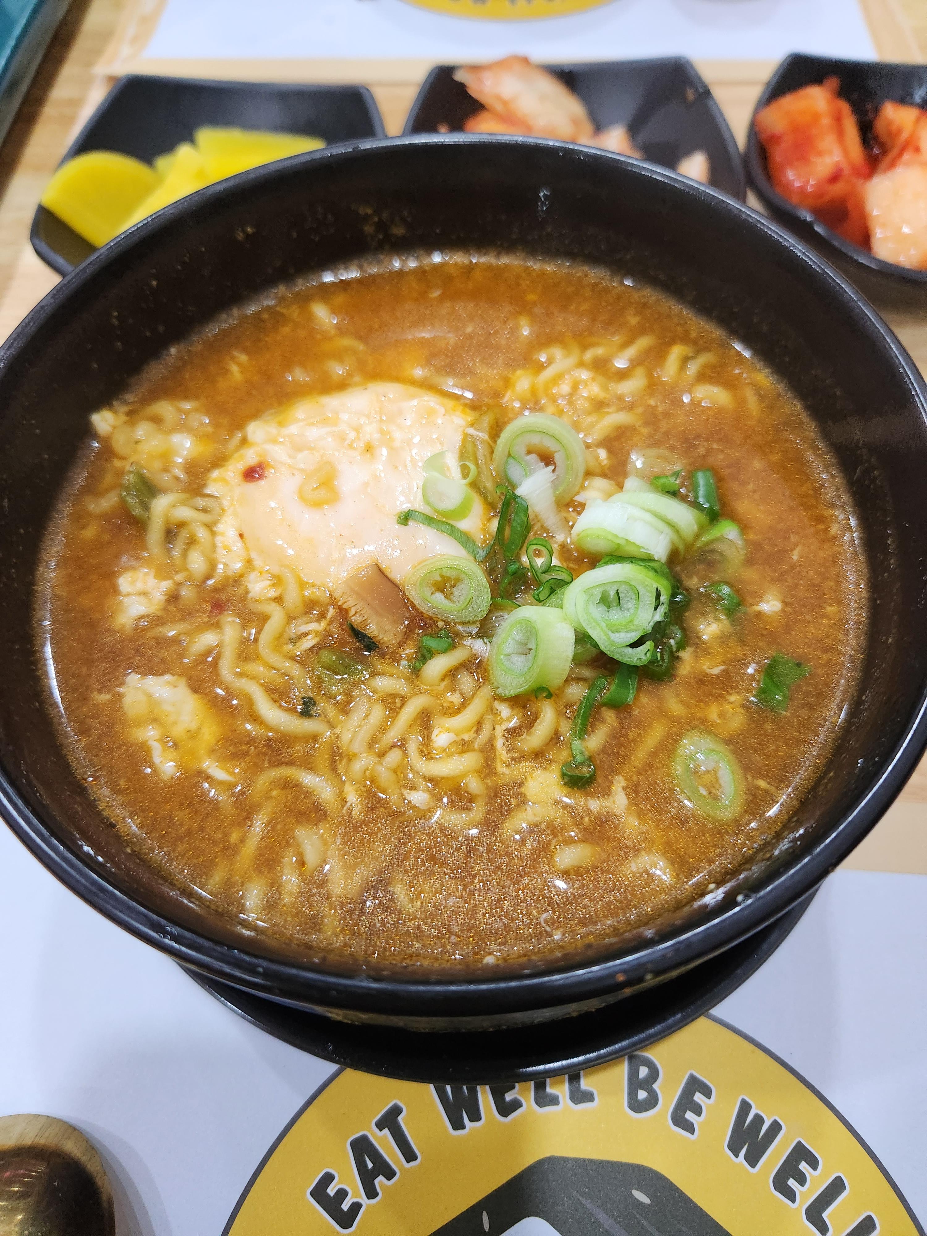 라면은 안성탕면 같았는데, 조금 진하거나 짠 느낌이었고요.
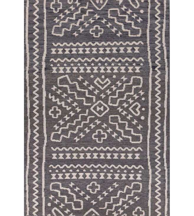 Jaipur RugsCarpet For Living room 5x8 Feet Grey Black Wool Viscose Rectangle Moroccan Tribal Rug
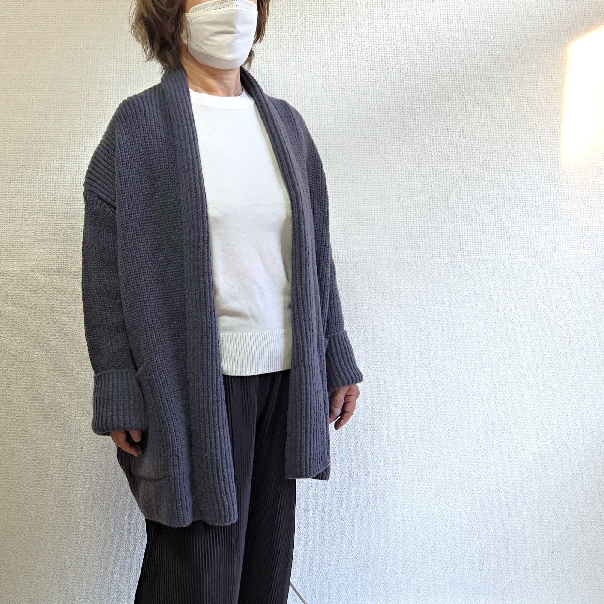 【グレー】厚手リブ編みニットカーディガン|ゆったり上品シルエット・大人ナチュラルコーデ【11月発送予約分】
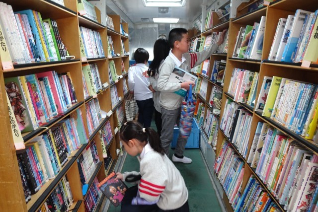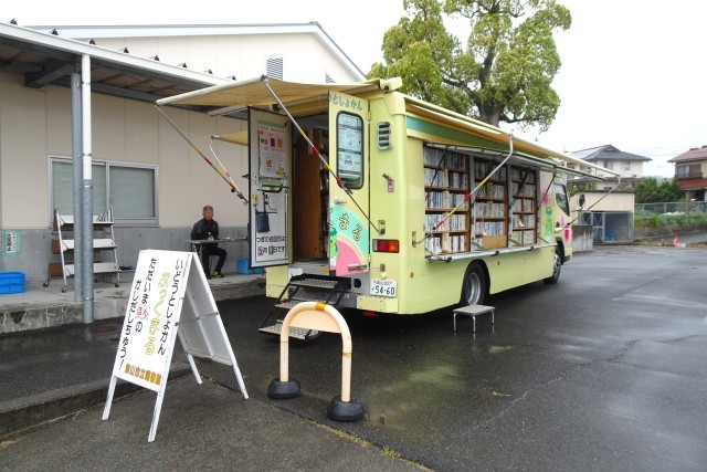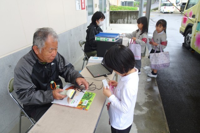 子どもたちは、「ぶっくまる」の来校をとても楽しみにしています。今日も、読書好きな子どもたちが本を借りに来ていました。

__EXERCISE OBJECTIVE__: Only the lines from the one containing "Jaipur RugsCarpet For" through the last line of the material are to be restated word for word; no picture is to be included.

__ANSWER AREA__:
 Jaipur RugsCarpet For Living room 5x8 Feet Grey Black Wool Viscose Rectangle Moroccan Tribal Rug
 【グレー】厚手リブ編みニットカーディガン|ゆったり上品シルエット・大人ナチュラルコーデ【11月発送予約分】
 子どもたちは、「ぶっくまる」の来校をとても楽しみにしています。今日も、読書好きな子どもたちが本を借りに来ていました。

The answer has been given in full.